Directions for this task:
Set down, exactly and with nothing added, the lines running from the one that holds "The Slate by" to the final line of the records. Pictures stay out of the copy.

Supplied data:
****************************************
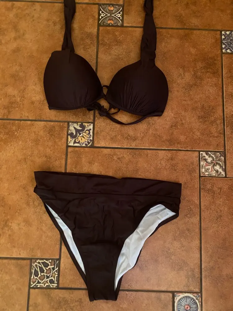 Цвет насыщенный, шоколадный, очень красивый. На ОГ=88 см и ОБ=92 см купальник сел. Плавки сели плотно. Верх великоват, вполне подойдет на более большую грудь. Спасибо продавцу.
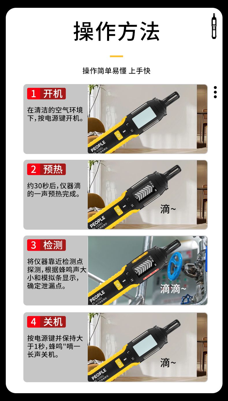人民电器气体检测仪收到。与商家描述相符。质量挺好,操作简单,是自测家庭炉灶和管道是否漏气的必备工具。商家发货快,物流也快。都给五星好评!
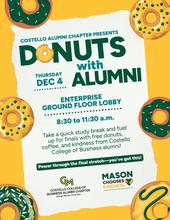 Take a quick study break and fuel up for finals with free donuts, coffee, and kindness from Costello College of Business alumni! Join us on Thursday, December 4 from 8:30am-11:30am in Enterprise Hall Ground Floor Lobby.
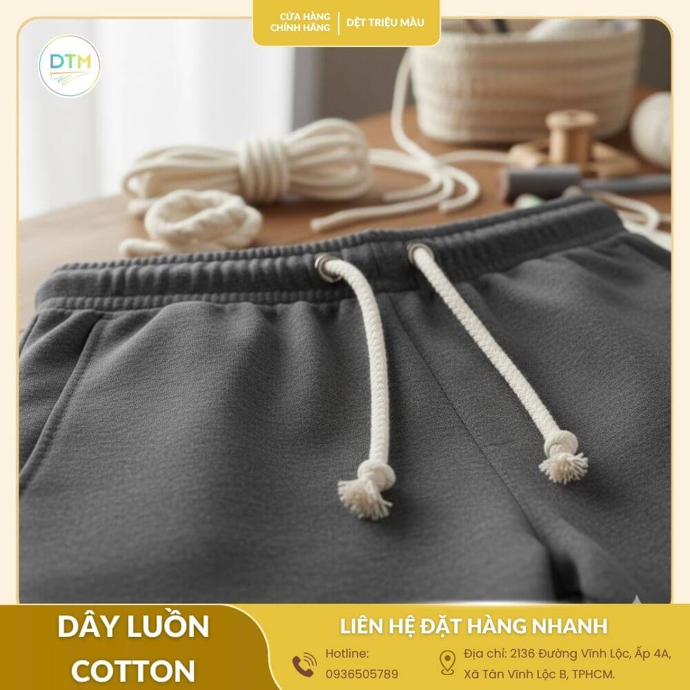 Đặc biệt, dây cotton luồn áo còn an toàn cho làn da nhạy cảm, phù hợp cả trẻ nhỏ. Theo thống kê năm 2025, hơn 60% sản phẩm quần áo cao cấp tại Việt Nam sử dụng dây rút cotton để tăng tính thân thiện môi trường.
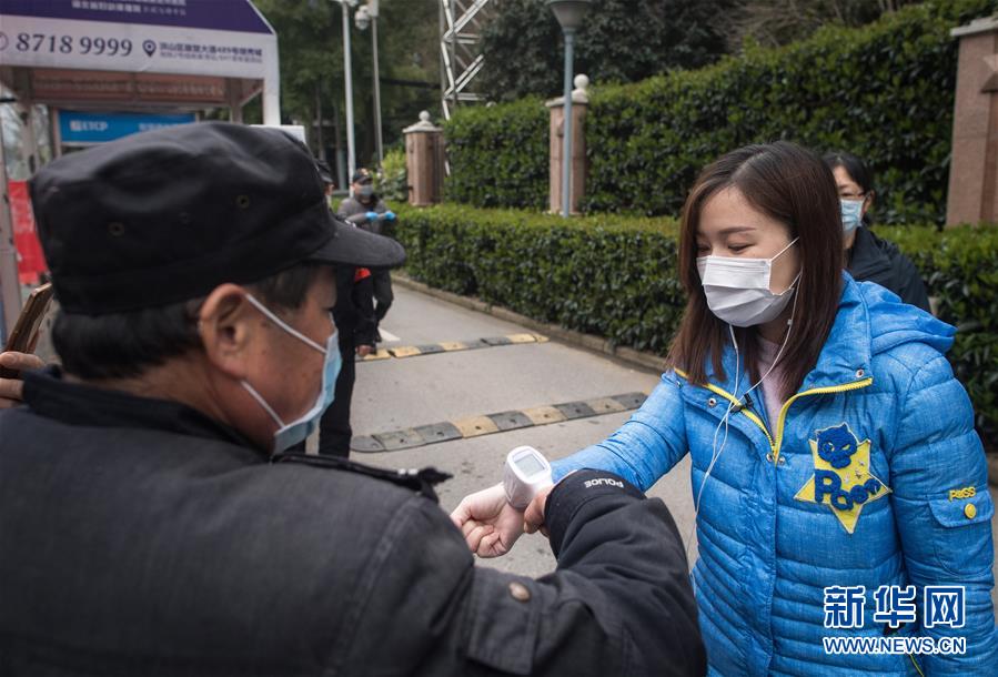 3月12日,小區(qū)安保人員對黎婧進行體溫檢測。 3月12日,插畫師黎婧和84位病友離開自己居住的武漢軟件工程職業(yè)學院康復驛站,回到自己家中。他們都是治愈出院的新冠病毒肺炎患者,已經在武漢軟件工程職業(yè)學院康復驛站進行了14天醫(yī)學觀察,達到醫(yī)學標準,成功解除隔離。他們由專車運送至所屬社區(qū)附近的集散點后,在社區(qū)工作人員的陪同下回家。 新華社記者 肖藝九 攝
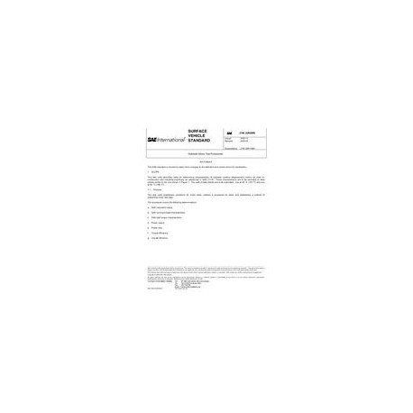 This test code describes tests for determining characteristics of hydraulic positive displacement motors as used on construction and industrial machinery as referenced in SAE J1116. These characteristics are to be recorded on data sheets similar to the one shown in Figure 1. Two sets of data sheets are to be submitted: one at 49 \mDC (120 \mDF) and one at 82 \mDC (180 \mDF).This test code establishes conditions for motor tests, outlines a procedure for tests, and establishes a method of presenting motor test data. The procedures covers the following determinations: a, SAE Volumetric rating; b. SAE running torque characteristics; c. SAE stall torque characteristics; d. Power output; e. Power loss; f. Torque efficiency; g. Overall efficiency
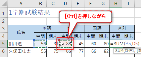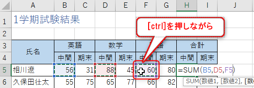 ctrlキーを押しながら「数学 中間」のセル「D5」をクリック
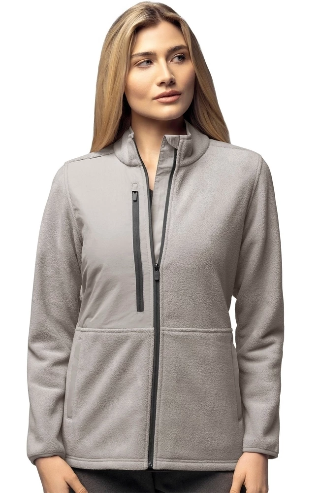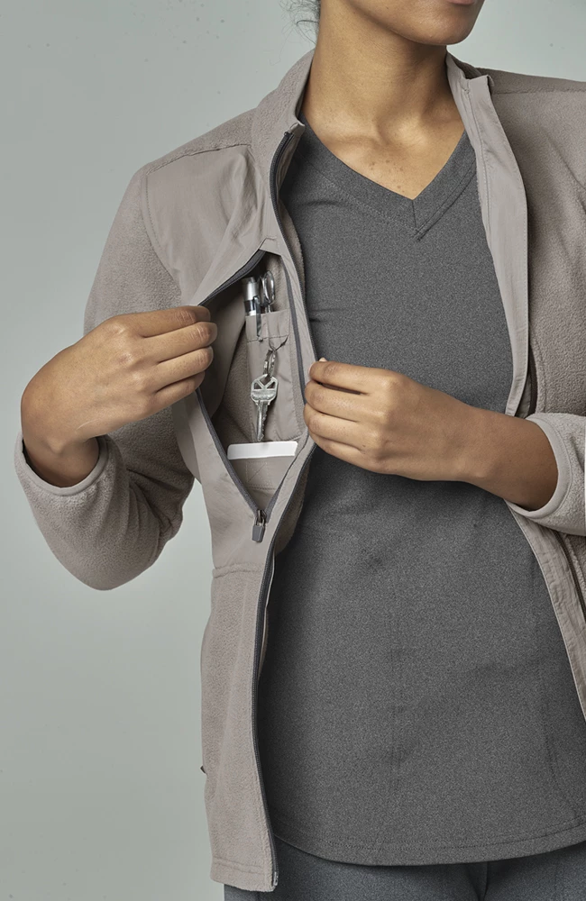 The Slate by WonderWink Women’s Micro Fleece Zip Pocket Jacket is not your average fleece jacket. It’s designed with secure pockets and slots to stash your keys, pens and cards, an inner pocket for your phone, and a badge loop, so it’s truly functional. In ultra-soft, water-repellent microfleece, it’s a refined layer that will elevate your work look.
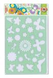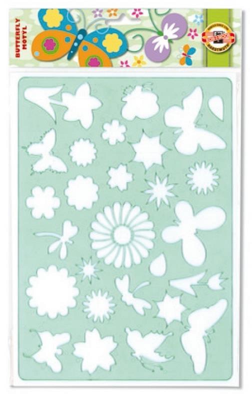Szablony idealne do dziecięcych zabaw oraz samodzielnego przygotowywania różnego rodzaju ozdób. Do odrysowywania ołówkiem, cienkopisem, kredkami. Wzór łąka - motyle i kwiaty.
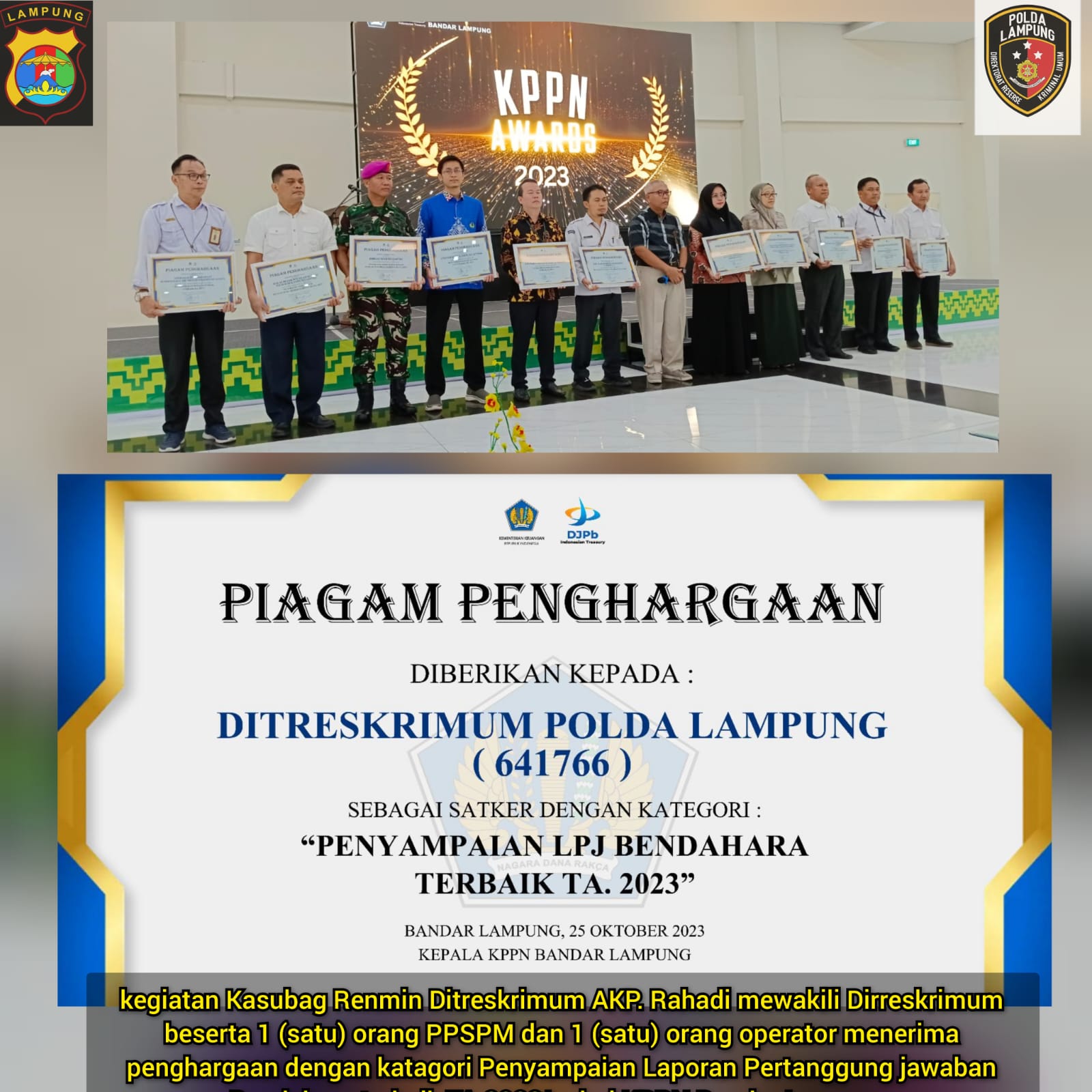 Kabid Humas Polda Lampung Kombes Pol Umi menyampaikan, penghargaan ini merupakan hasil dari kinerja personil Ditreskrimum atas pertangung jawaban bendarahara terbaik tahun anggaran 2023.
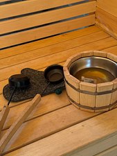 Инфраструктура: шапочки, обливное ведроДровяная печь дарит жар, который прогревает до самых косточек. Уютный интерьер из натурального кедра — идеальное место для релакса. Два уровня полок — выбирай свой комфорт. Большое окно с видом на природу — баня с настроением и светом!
****************************************
Task response:
 The Slate by WonderWink Women’s Micro Fleece Zip Pocket Jacket is not your average fleece jacket. It’s designed with secure pockets and slots to stash your keys, pens and cards, an inner pocket for your phone, and a badge loop, so it’s truly functional. In ultra-soft, water-repellent microfleece, it’s a refined layer that will elevate your work look.
Szablony idealne do dziecięcych zabaw oraz samodzielnego przygotowywania różnego rodzaju ozdób. Do odrysowywania ołówkiem, cienkopisem, kredkami. Wzór łąka - motyle i kwiaty.
 Kabid Humas Polda Lampung Kombes Pol Umi menyampaikan, penghargaan ini merupakan hasil dari kinerja personil Ditreskrimum atas pertangung jawaban bendarahara terbaik tahun anggaran 2023.
 Инфраструктура: шапочки, обливное ведроДровяная печь дарит жар, который прогревает до самых косточек. Уютный интерьер из натурального кедра — идеальное место для релакса. Два уровня полок — выбирай свой комфорт. Большое окно с видом на природу — баня с настроением и светом!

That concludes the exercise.